Case Study 1 :WITHDRAWAL OF LIFE SUPPORT
Challenges
A 27 y/o patient, 7 months pregnant, developed stage III endometrial carcinoma without metastasis. The attending physician recommended total hysterectomy, explaining that without the operation, she risked death.
Question
The mother argues that a total hysterectomy amounts to killing her baby. Is the hysterectomy ethically acceptable?
Solutions
Here, a certain action (hysterectomy) produces at least two effects: a good one (cure of the mother) and a bad or evil one (death of the fetus). The principle of double effect analyses similar cases by dissecting the different components of the action, as follows.
1. Considered in itself, the action contemplated (hysterectomy) holds no evil. In fact, it remains a routine procedure.
2. What one intends remains the good effect (cure of the mother), and not the evil effect (death of the fetus) which the team tries to avoid.

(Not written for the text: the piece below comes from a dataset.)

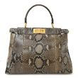 This is an authentic FENDI Snakeskin Medium Peekaboo Iconic Satchel in Asfalto Nocciola. This stylish tote is crafted of grey snakeskin. This bag features a top handle and a structured frame secured by a turn lock on both sides. This bag opens to a dark beige suede and interior with a zipper pocket.

If the fetus reached around 28 weeks or older, the medical team would try to save the baby as much as possible (but, sadly, in this case it proves impossible).
3. The bad effect never causes the good effect. That is, what causes the mother’s cure is not death of the fetus, but the removal of the cancerous tissues. (To see this more clearly: if she were not pregnant, she would still be cured through hysterectomy; if on the other hand the baby were directly killed and no hysterectomy were done, she would not be cured.)